She explained very quietly that he shouldn't test her patience. That the Mother of Puppets knew what he was doing. That he'd thought he was so clever, scuttling around London, playing human with the sightless eye. That he had forgotten hadn't he, that he was one of theirs. She stared for longer, and the scar tissue crept like rot across the bottom of his face, overtaking his cheeks, his chin. She looked at him with such an odd expression. Indulgently. Like a favoured nephew who has been acting out, humoured by a doting aunt. But it wasn't kind. There was no familial affection there, it was... it was possession, or ownership, o-or something.

She said that his insubordinations were humoured because he'd been doing so well, binding one of the eyes to him so easily. He hadn't even thought it was manipulation, had he, he'd probably chalked it up to something like love or companionship or trust. She leaned forward and said that that's what all those words boiled down to. Controlling someone else. Trapping them. That it wasn't his fault, it was just his nature. She asked if he could ever be sure that he was loved, really loved by another, or if he'd just woven a web around the eye in the same way he always did, made his fantasy a reality. She said the Mother was proud of him, that soon, their plans for him and the sightless eye would come clear, all in good time, and then he'd prove himself to them.

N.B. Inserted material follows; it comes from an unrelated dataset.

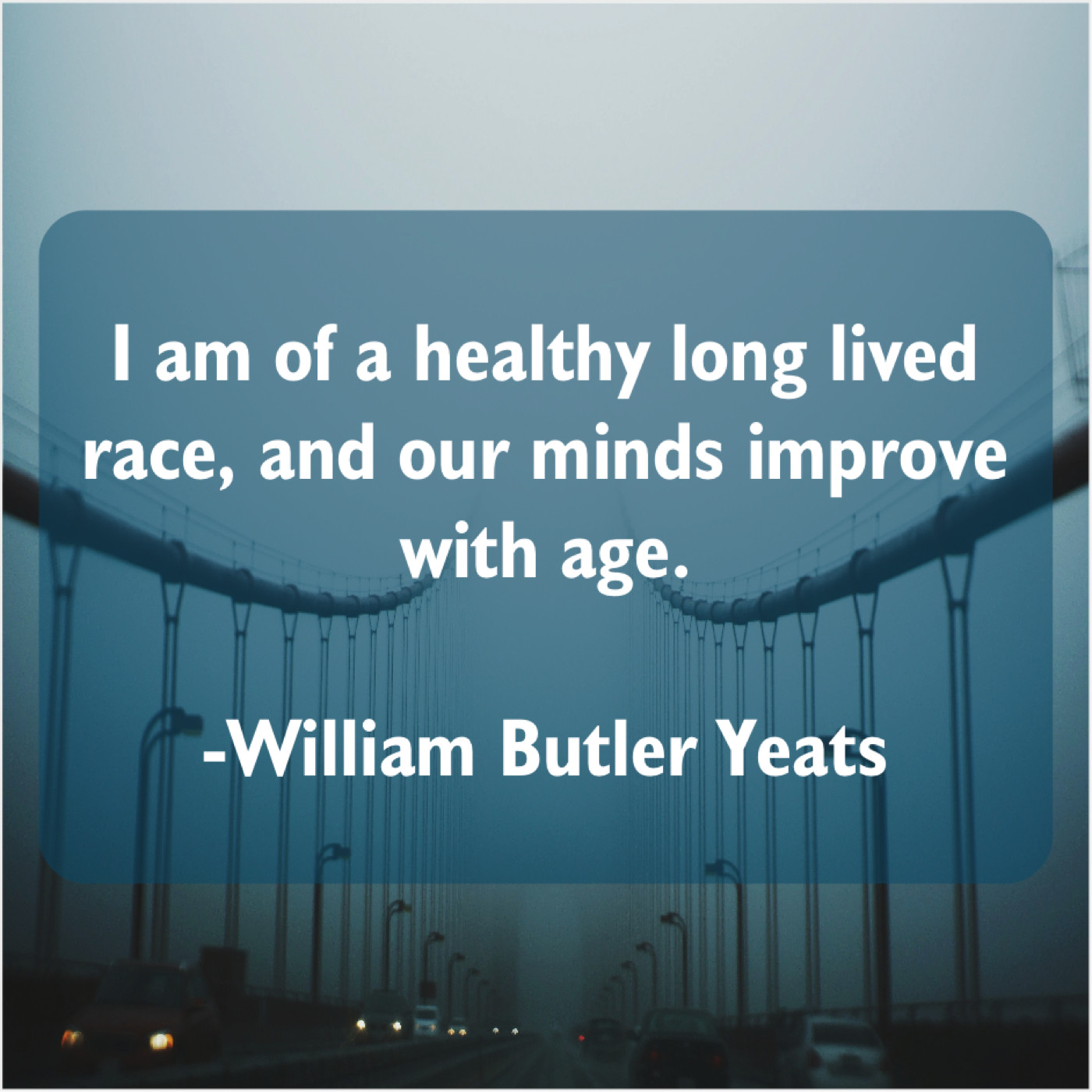 William Butler Yeats William Butler Yeats – I am of a healthy… June 26, 2019 admin “I am of a healthy long lived race, and our minds improve with age.”-William Butler Yeats

She paused, and the thick bands of scarring tightened. Like a clenched grip. Her eyes were darker now. She warned that they didn't need either him or the eye in one piece in order for their plans to come to fruition. So this was his only warning to not interfere, to let her plans unfold as they were meant to. Crowley's eyes were hard with something like rage or fear or both. He'd stopped pretending to have the right number.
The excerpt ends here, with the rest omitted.